Search code examples
regexstringpostgresqlreplacewhitespace

PostgreSQL regexp_replace() to keep just one whitespace


I need to clean up a string column with both whitespaces and tabs included within, at the beginning or at the end of strings (it's a mess !). I want to keep just one whitespace between each word. Say we have the following string that includes every possible situation :

mystring = '  one two    three      four    '
  • 2 whitespaces before 'one'
  • 1 whitespace between 'one' and 'two'
  • 4 whitespaces between 'two' and 'three'
  • 2 tabs after 'three'
  • 1 tab after 'four'

Here is the way I do it :

  1. I delete leading and trailing whitespaces
  2. I delete leading and trailing tabs
  3. I replace both 'whitespaces repeated at least two' and tabs by a sole whitespace

WITH

  t1 AS (SELECT'  one two    three      four    '::TEXT AS mystring),

  t2 AS (SELECT TRIM(both ' ' from mystring) AS mystring FROM t1),

  t3 AS (SELECT TRIM(both '\t' from mystring) AS mystring FROM t2)

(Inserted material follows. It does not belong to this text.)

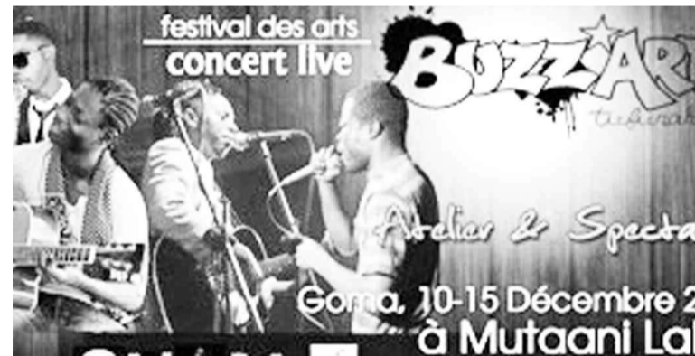
« Buzz'Art Tufurahi » se veut un outil de pacification

L'événement est organisé par Mutaani Label, une maison de production basée à Goma.

  SELECT regexp_replace(mystring, '(( ){2,}|\t+)', ' ', 'g') FROM t3 ;

I eventually get the following string, which looks nice but I still have a trailing whitespace...

'one two three four '

Any idea on doing it in a more simple way and solving this last issue ?

Many thanks !


Solution

  • SELECT trim(regexp_replace(col_name, '\s+', ' ', 'g')) as col_name FROM table_name;
    

    Or In case of update :

    UPDATE table_name SET col_name = trim(regexp_replace(col_name, '\s+', ' ', 'g'));
    

    The regexp_replace is flags are described on this section of the documentation.